The elements aren’t created in equal amounts. [Gough] Hydrogen and helium are abundant in the cosmos, but there is a drop off for three of the lightest elelements -- lithium (HN 3), beryllium (HN 4), and boron HN 5). This is because they were poorly synthesized in the Big Bang and then the stars. Slightly heavier atoms were created in relatively the same quantity. Then there is what is known as the Iron Peak. [Erikson et. al..] After the Iron Peak, elements are significantly reduced in abundance. The Iron Peak results from the energy required for nuclear fusion and for nuclear fission and explain why iron leads to the death of stars. For the many elements lighter than iron, fusion releases energy and fission consumes it. For elements heavier than iron, the reverse is true: it is fusion that consumes energy, and fission that releases it. Atomic physicists call this binding energy. Here on earth we get used to thinkng that the heavier elements like gold are rare. Actually they are much more common than you would think. The fact that they are heavier means that they tended to settle toward the core when earth was in a molten state. Thus the earth's crust, where all life is found, is primrily composed of lighter elements, but not the lightest, including: oxygen (HN 8), silicon (HN 14), aluminum (HN 13), iron (HN 26), and calcium (HN 29). The core of the Earth thus formed as a solid ball of nickel (HN 28) and iron (HN 26), roughly 70 percent the size of the moon.

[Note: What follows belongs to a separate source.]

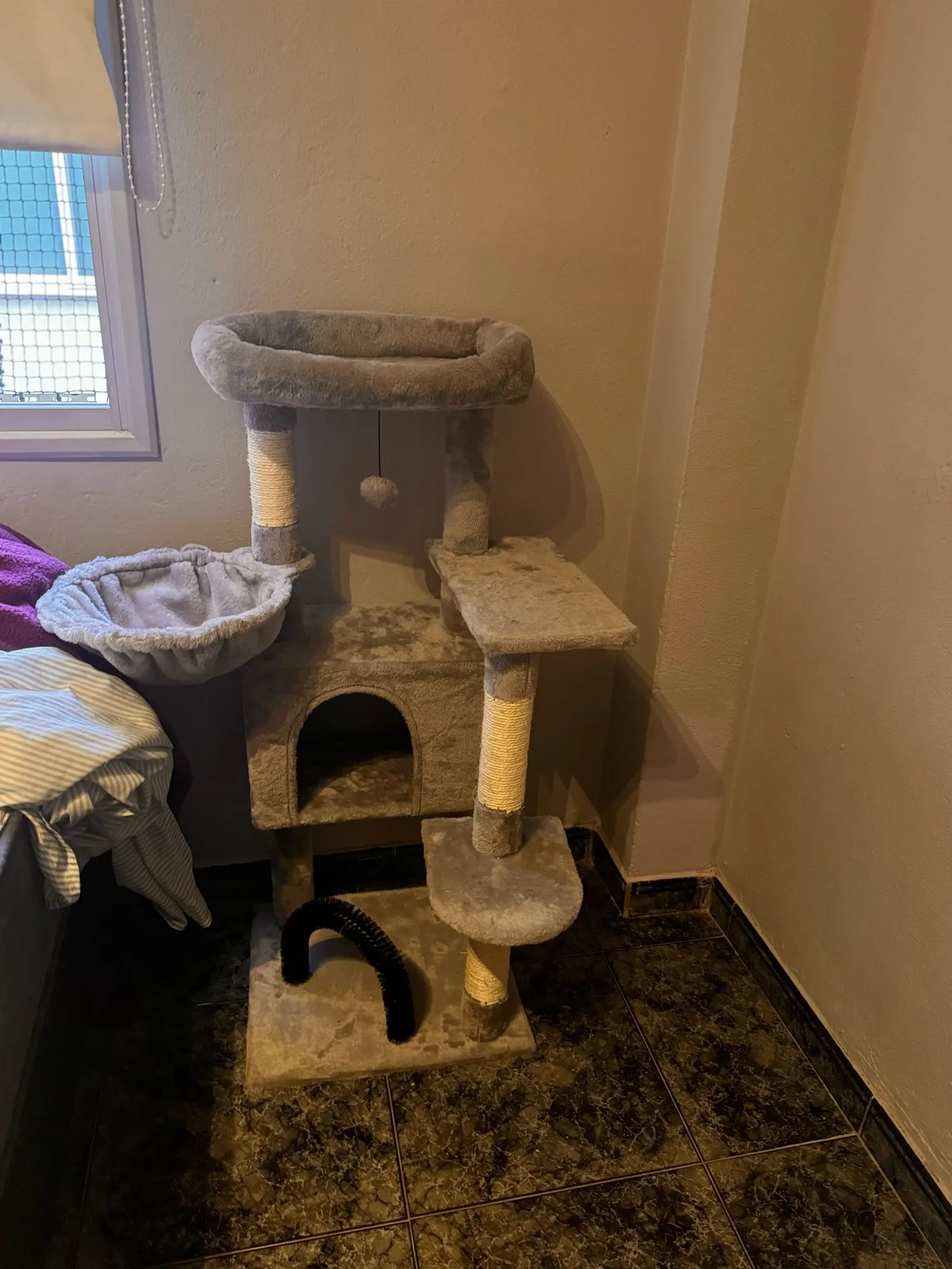 🐾 Activités variées : Un griffoir en sisal, une brosse intégrée et une balle suspendue pour des heures de jeu et de bien-être.

Man has stared up and wondered about the Cosmos since the dawn of time. Only in our modern age have we begun (and we stress the term begun) to understand the Cosmos which is now what previous genrations called the universe. Human life constitutes a miniscule time in the history of the universe. While not directly related to our study, cosmology is of interest because it places human history in a useful perspective.

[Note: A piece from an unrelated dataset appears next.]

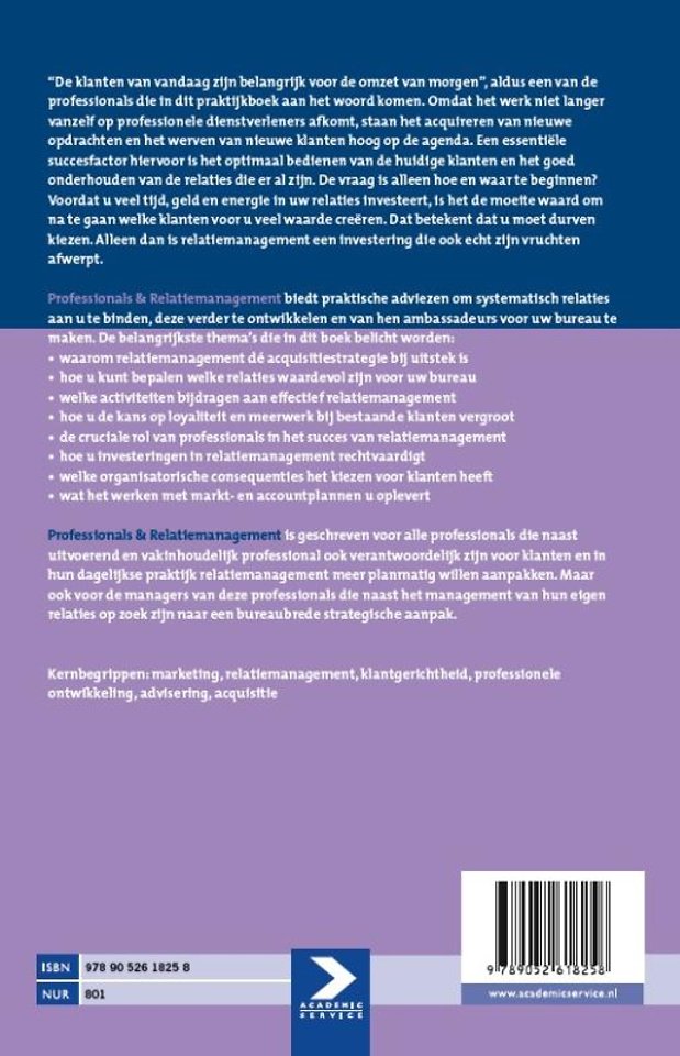 'Professionals & Relatiemanagement' is geschreven voor alle professionals die naast uitvoerend en vakinhoudelijk professional ook verantwoordelijk zijn voor klanten en in hun dagelijkse praktijk relatiemanagement meer planmatig willen aanpakken. Maar ook voor de managers van deze professionals die naast het management van hun eigen relaties op zoek zijn naar een bureaubrede strategische aanpak.

For a time after cosmologists debated the origins of the universe. There were two important theories, the steady-state concept and the Big Bang, a term once derisively created to denigrate the concept. Today cosmologists universally accept the Big Bang as the point of creation of the universe. It is an event which occurred about 14 billion years ago. Many astronomers now even offer a more specific time--13.7 bullion years ago. At this time matter, energy, and space exploded out of an unimaginably dense and poorly understood 'singularity'. It is not know how long this singularity existed or what caused it to become unstable. We have been somewhat confused, because there commonly is no discussion of what occurred before the Big Bang and what the eventual outcome will be.
Many cosmologists appear to believe that ours is the only universe and time itself began with the Big Bang creating our universe. It appears more likely, however, that our universe is one of many--probably and infinite number. Our Big Bang is probably just one of the Big Bangs that have occurred over time in cycles that occur regularly, albeit over billions of years. They may involve the collision of processes generated by unidentified and unseen dimensions that are not yet known. Two scientists describe this as the Endless Universe. [Steinhart and Turok]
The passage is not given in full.